I've spent a whole day off with her every week since she was born. When she was a baby I used to go round, bathe her, feed her, change her nappies, sing her to sleep, dance with her, take her for walks...I missed her first word and steps but at least I was around right? and then as she got older I could do more with her, until she went to nursery and I wasn't able to see her as much. The evenings when she gets home are the best because all she wants to do is tell me what she's done and show me the pictures shes drawn for me that day. You can't stop her from talking and that always makes me smile. Then I get her fed and bathed and tuck her up into bed, reading to her until she falls asleep on me. Her favourite thing to do is to have me under the duvet too so she can lay with her head on my chest and my arm around her and listen to the story until she drifts off.
As I sit and look at her I can't help but think that no matter how lucky I am to have her, I have missed out on so much. Here is my gorgeous little girl. My brown haired, brown eyed angel and I missed out on her first words and first steps, on all of those precious moments because of my being career driven and too selfish to bring up a child.
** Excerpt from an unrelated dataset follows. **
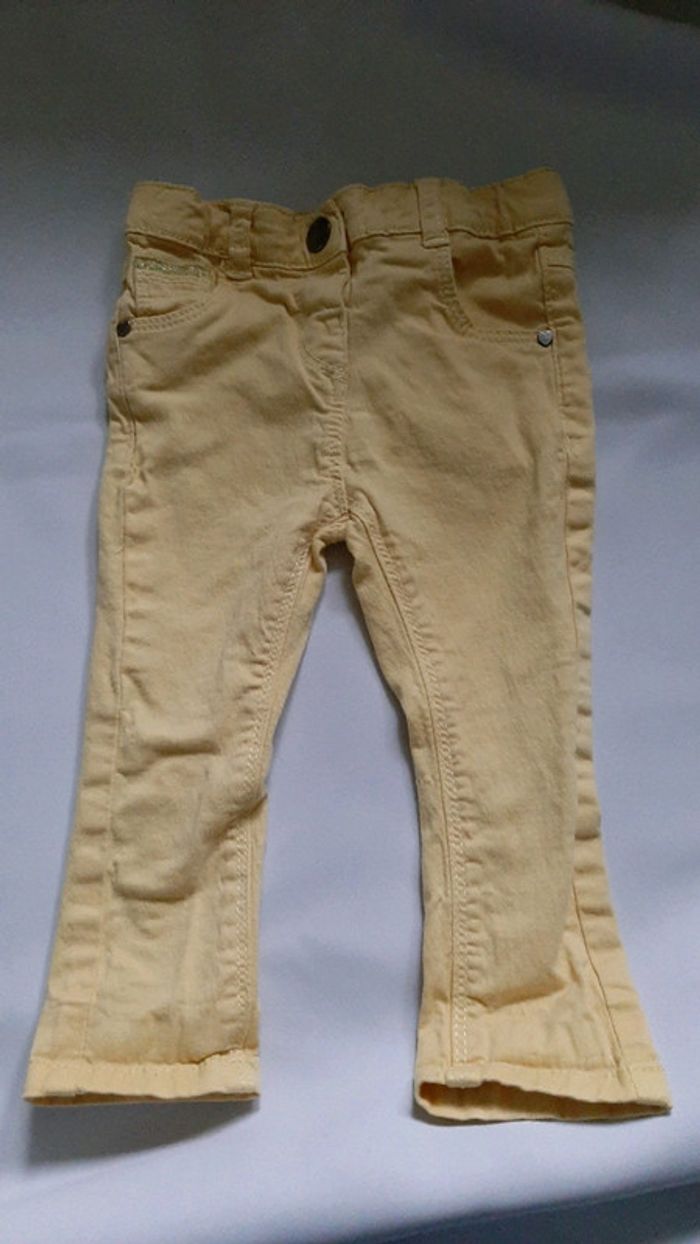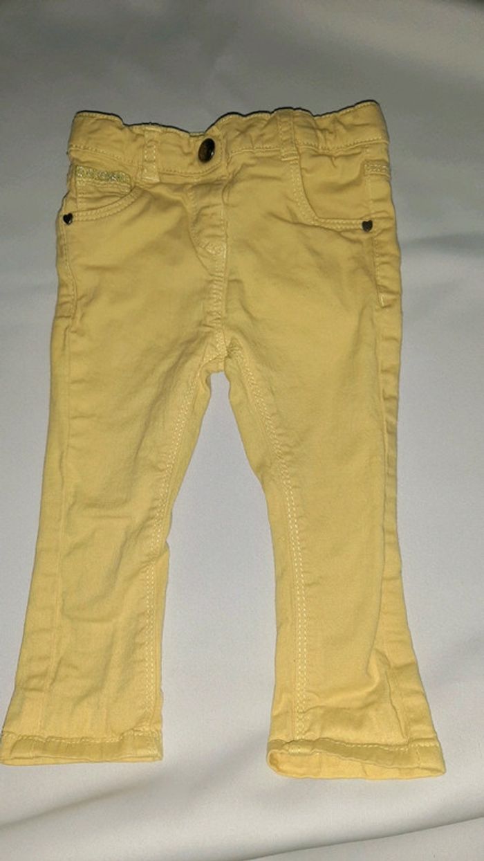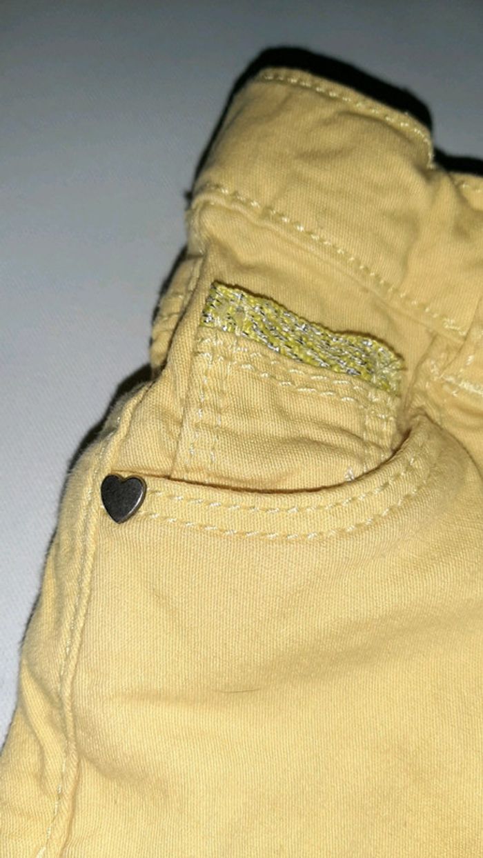 Jean slim jaune Jolis boutons cœur au niveau des poches Taille ajustable Marque tape à l'oeil Taille 12 mois 74cm Peu porté

Its during these moments, when I see her so peaceful, when I wonder how I gave birth to such a perfect little thing. I wonder how I ever found it in myself to give her away whether to my parents or not. She's my girl. My beautiful girl and it hurts my heart that in just a few minutes I am going to leave her for another week to do the job that used to be the most important thing in my life.
I hear a knock at the door and smile sadly as my mum enters. She gives me a sympathetic smile in return as I look at my daughter and brush a tear away from my cheek.
"Time to go Madeline." She tells me softly and walks up to me, kissing me on the top of my head.
"I love her so much mum." I admit to her as she walks back over to the bedroom door.
I bend over and kiss Jasmine on the forehead. She pulls Mitsy closer to her and turns over with a smile on her face.
"I know sweetheart. She loves you too. You're her mummy after all. Same time next week?" she asks and I look at my daughter and nod.
"Same time next week." I reply.
I get up off the bed and leave the room and my sleeping little angel behind me. For another week in all of those weeks that have passed in four years I am left to wonder if my heart will ever stop hurting in all of the moments that pass where I don't get to see my little girl.